By Kendall Alexander

After the success of the OWN documentary and photo book Dark Girls, director Bill Duke has decided to cover a different take on the black perspective in the documentary Light Girls.  Covering a variety of topics that are an issue in the black community, audience members get a glimpse into what it is like growing up with skin of a lighter hue.

It is no secret to any black American that colorism has been a problem for us since bondage, and even centuries later, the pain still resonates through our melanin.  This type of behavior is spawned from self-hate, which was learned by slave masters and mistresses.  Fast forward to 2015, where darker toned women are bleaching their skin to become fairer, and lighter women are tanning to be more sun-kissed.  This kind of mentality is dangerous and downright depressing.  If we cannot accept ourselves first, there is absolutely no way to accept someone who is different from what we see in the mirror.

Now, while I do not consider myself a light-skinned black woman, I still appreciate my sisters of lighter skin because they are black at the end of the day.  With that being said, there were a lot of good things about this documentary including the historical context that colorism has played in our lives for so long (the paper bag test, the one drop rule) and the psychological damage that it has for black women.

I still feel that this is an unfinished piece, grasping at the beginnings of something really good, but not quite there.  A lot of times it circled back to dark-skinned people instead of what it is really like being light-skinned.  It was touched on, but not fully expounded upon which was disheartening.

A lot of celebrity women were interviewed, from comediennes to actresses and journalists offering insight on the pain they have felt throughout their lives living with lighter skin.  The judgments and perceptions they take on simply because they may have a fair-skinned parent.
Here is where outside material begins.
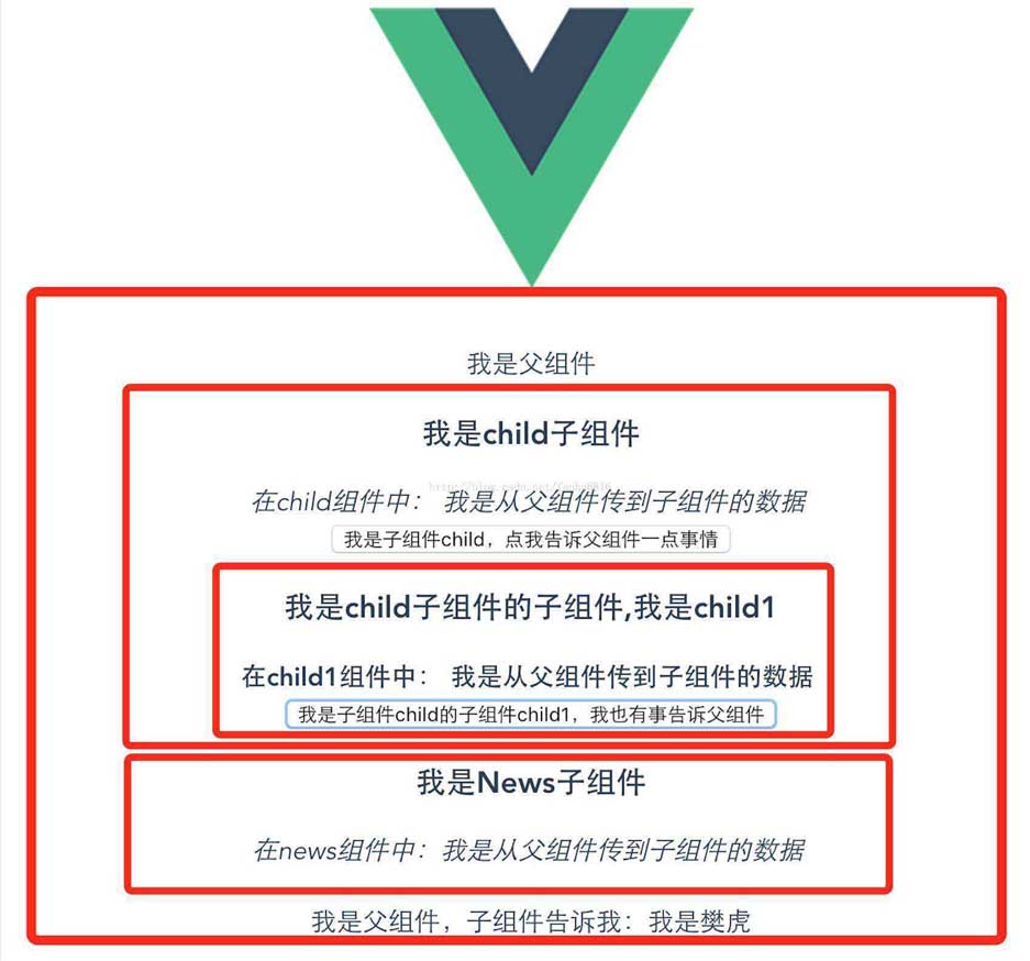 下面的例子中app为父组件,child和news为app的子组件,child1为child的子组件。下面将演示从app向另三个子组件传递数据 和 从三个子组件向app父组件传递数据。

I wish more real- life women were given the opportunity to appear in the documentary because it would have been more relatable. Most of us do not have the experience of auditioning for major roles and being turned away because of our look.  What I did appreciate was the included commentary from our brothers, celebrity status or otherwise.  I’m glad there were men to offer their two cents on some of the things they have heard or believe about light-skinned women, which were not as prominent in Dark Girls. With that being said, there weren’t a lot of intelligent insights these men were offering.  It is important to include all perspectives, but when all the men are pretty much saying the same thing concerning having that ‘trophy light-skinned girl,’ we don’t need to hear it more than twice.  One man was explaining in his experience, darker women take a lot more off of their men than lighter women.  He used the example of his woman serving him, whereas a lighter woman wouldn’t be as servile.  This is a scene that should have been left on the cutting room floor because light or dark, no woman wants to be a man’s servant.  I did appreciate the young Kappa Men stalking about how color shouldn’t matter—does she push you to do better?  That is a much more important quality than whether she can pass the brown paper bag test.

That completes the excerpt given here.